For the listing below, the answer is an exact retyping of the lines from the one with "Black Mouthed Dogfish from Red Bay in 2005" through the one with "The fine Palekh", both included, without pictures.

Top of INFORMATION

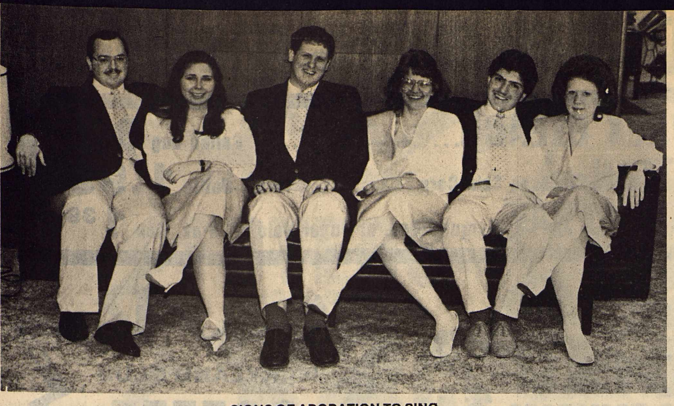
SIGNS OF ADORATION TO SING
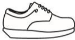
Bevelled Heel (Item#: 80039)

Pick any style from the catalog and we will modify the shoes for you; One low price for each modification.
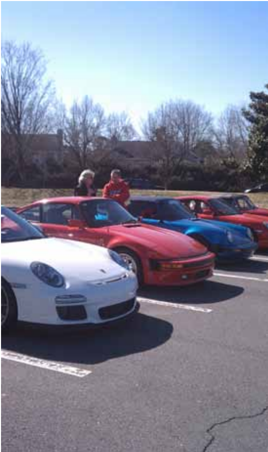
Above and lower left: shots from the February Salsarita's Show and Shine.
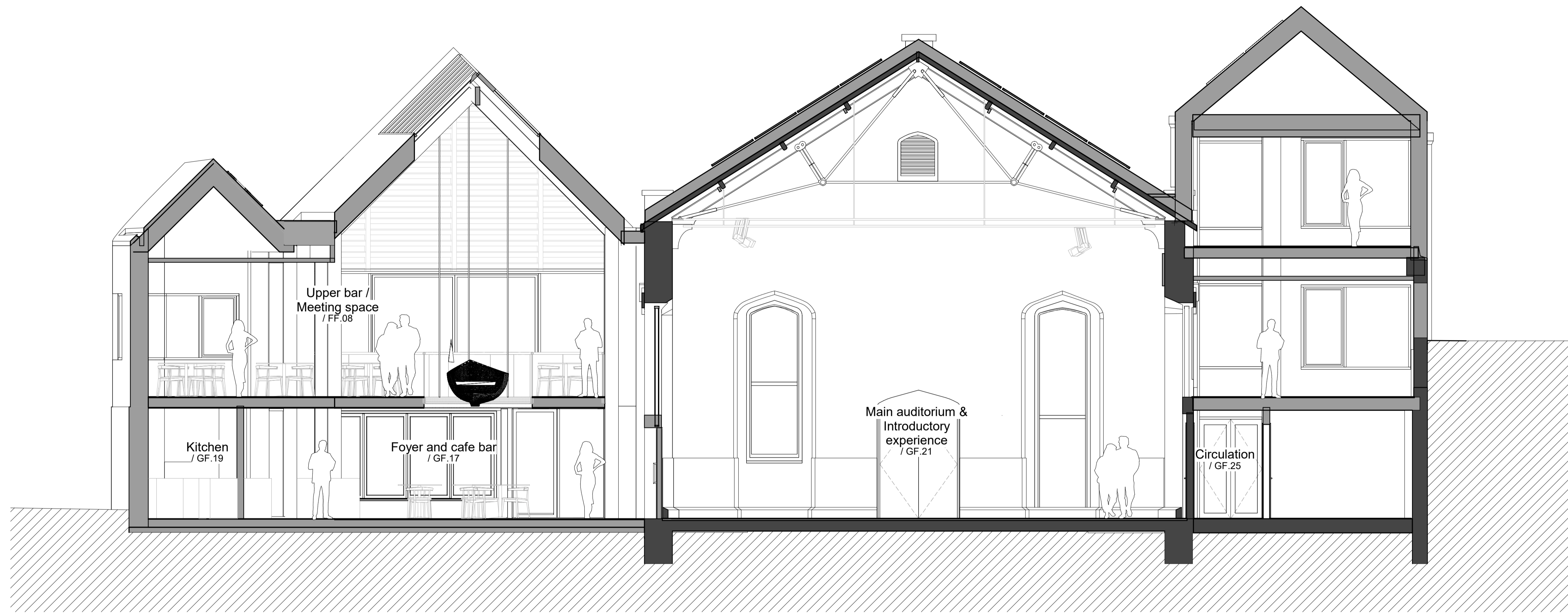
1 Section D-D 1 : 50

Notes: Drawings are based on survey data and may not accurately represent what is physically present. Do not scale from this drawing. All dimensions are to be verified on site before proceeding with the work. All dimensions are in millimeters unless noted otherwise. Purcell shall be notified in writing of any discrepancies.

Bottom of INFORMATION
Top of INFORMATION

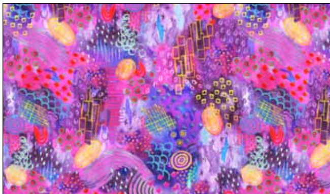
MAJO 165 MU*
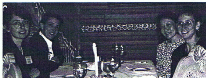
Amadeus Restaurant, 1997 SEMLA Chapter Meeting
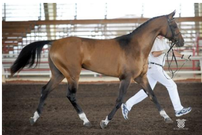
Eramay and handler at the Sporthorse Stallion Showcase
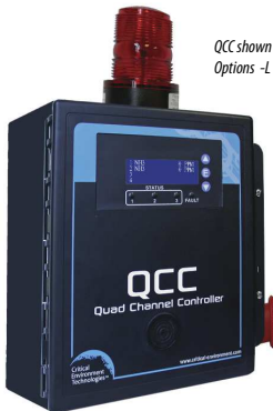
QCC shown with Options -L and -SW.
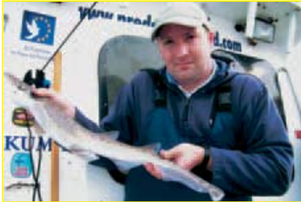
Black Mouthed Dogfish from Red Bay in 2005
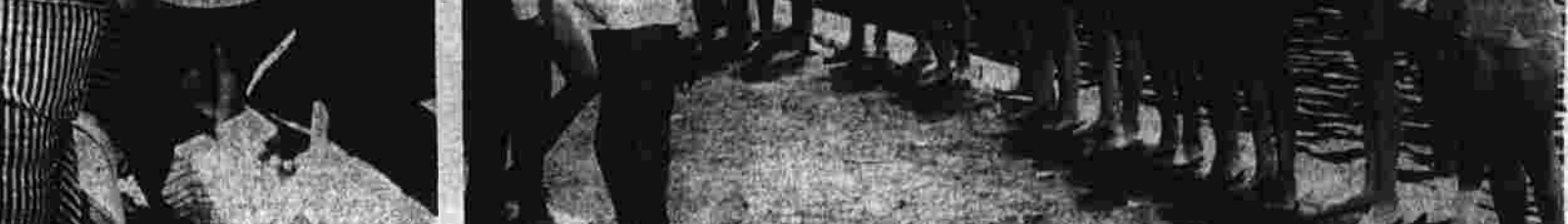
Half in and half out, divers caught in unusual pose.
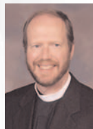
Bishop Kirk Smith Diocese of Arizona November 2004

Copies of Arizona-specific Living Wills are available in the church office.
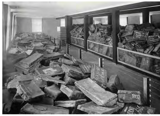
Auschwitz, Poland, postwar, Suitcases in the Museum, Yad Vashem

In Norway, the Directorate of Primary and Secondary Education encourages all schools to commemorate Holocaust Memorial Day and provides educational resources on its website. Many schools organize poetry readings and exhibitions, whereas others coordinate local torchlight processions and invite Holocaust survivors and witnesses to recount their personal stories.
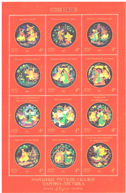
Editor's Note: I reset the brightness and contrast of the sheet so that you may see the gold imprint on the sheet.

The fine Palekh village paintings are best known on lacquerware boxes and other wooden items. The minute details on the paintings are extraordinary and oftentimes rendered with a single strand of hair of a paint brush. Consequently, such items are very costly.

Bottom of INFORMATION

## RESULT FOR THIS EXERCISE
Black Mouthed Dogfish from Red Bay in 2005
Half in and half out, divers caught in unusual pose.
Bishop Kirk Smith Diocese of Arizona November 2004

Copies of Arizona-specific Living Wills are available in the church office.
Auschwitz, Poland, postwar, Suitcases in the Museum, Yad Vashem

In Norway, the Directorate of Primary and Secondary Education encourages all schools to commemorate Holocaust Memorial Day and provides educational resources on its website. Many schools organize poetry readings and exhibitions, whereas others coordinate local torchlight processions and invite Holocaust survivors and witnesses to recount their personal stories.
Editor's Note: I reset the brightness and contrast of the sheet so that you may see the gold imprint on the sheet.

The fine Palekh village paintings are best known on lacquerware boxes and other wooden items. The minute details on the paintings are extraordinary and oftentimes rendered with a single strand of hair of a paint brush. Consequently, such items are very costly.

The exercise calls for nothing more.